=== Exercise data ===

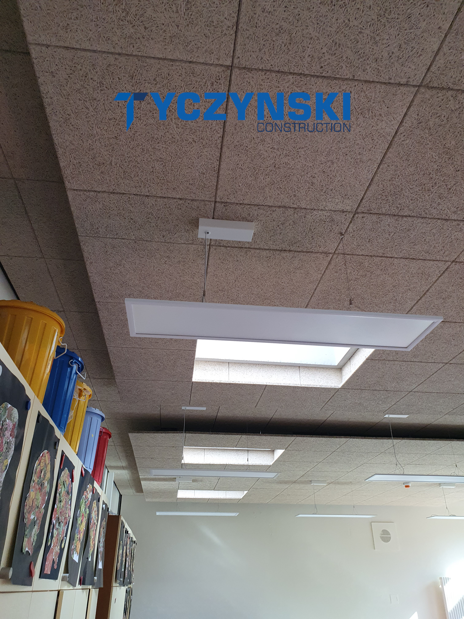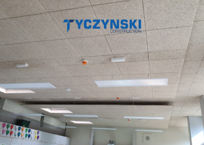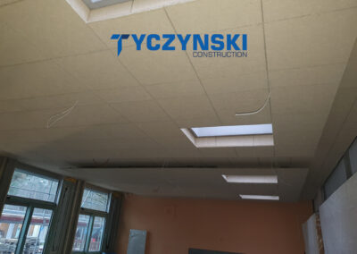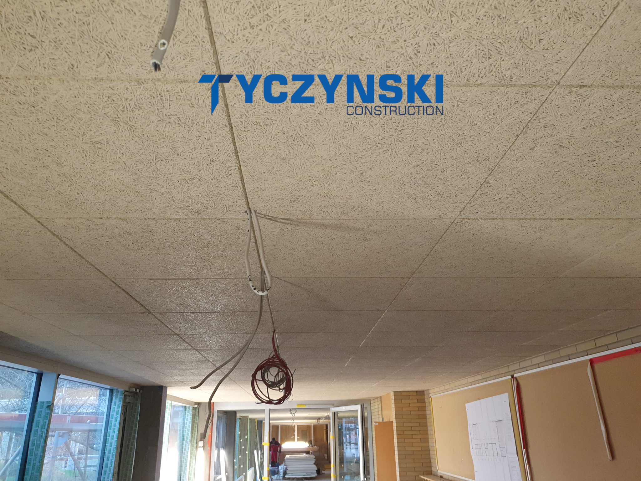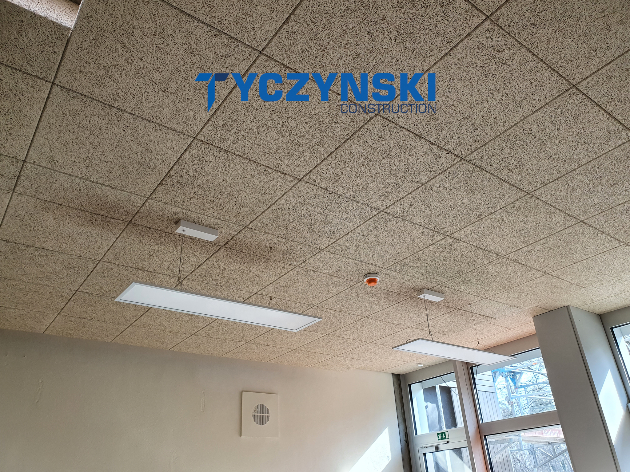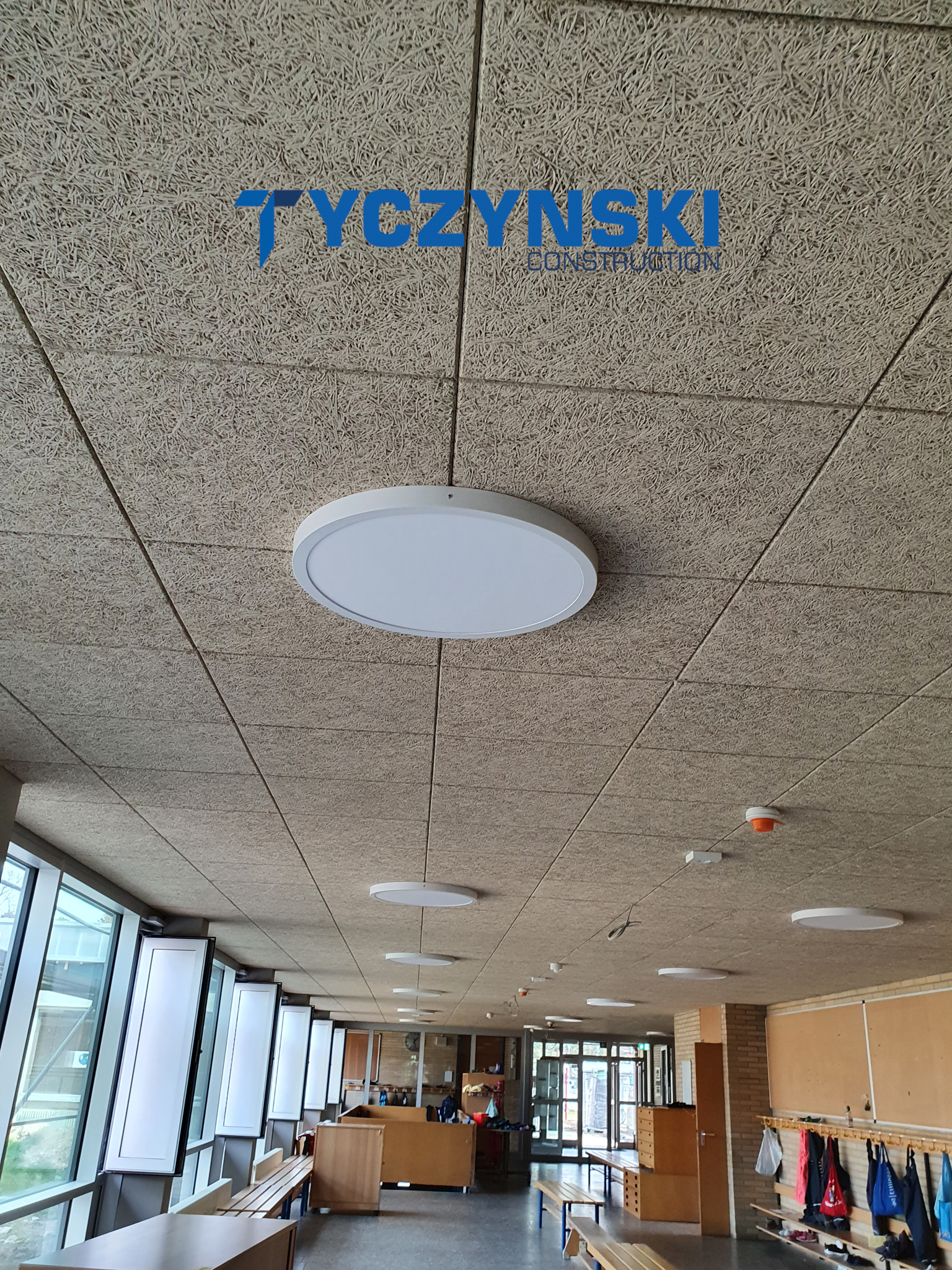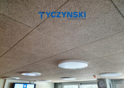 Erster Bauabschnitt in der Europäische Schule ist schon fertig. Wir haben gemacht eine sehr schöne Decke. Haardesign Platte mit Unterkonstruktion und Schalldämmung.
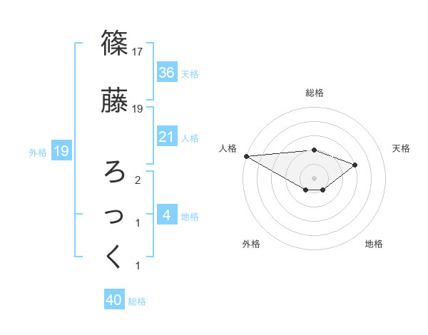 篠藤 ろっくさんを姓名の画数から五運を鑑定
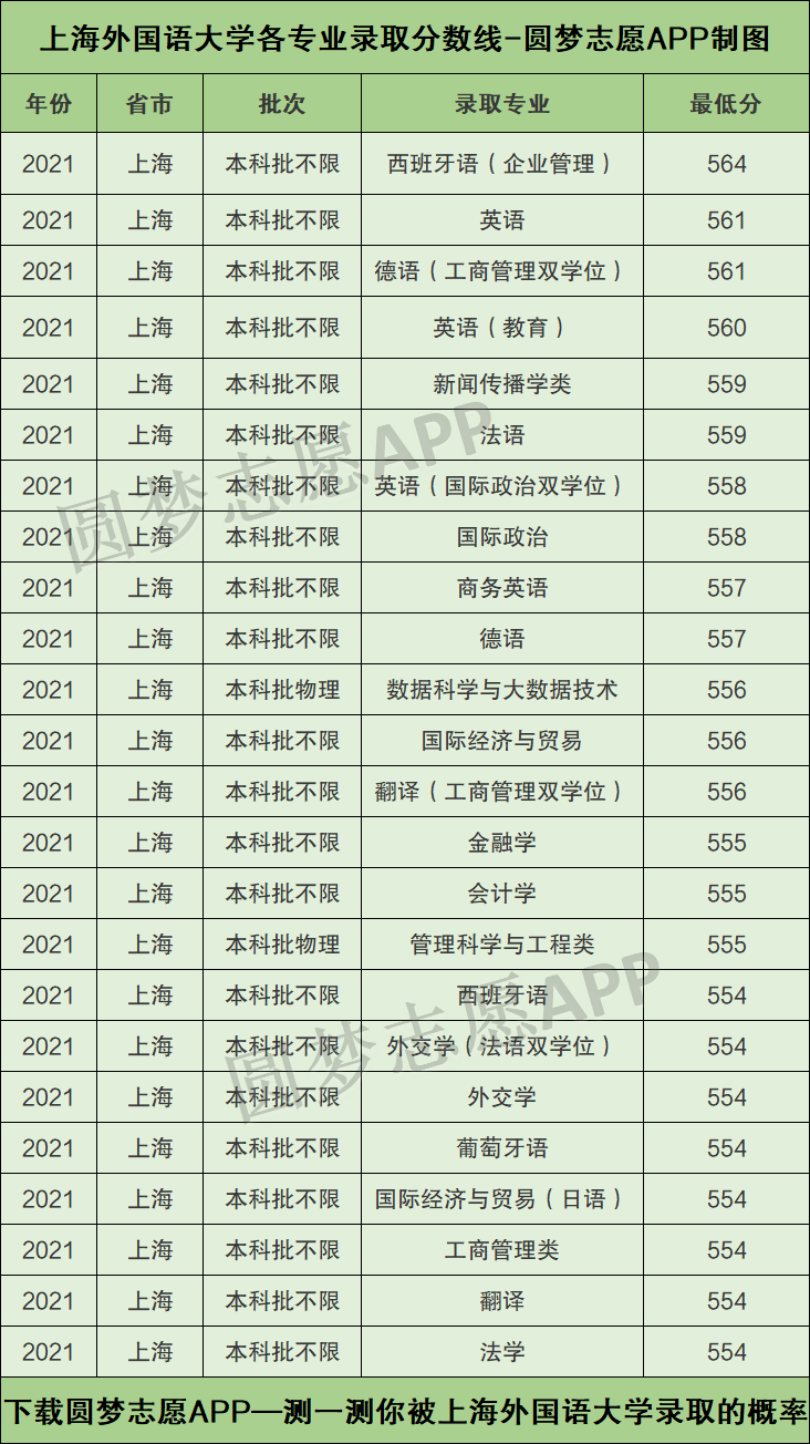 上海外国语大学各专业录取分数线2021年是多少分?

===

Output the complete listing exactly as it appears, except for the images.

 Erster Bauabschnitt in der Europäische Schule ist schon fertig. Wir haben gemacht eine sehr schöne Decke. Haardesign Platte mit Unterkonstruktion und Schalldämmung.
 篠藤 ろっくさんを姓名の画数から五運を鑑定
 上海外国语大学各专业录取分数线2021年是多少分?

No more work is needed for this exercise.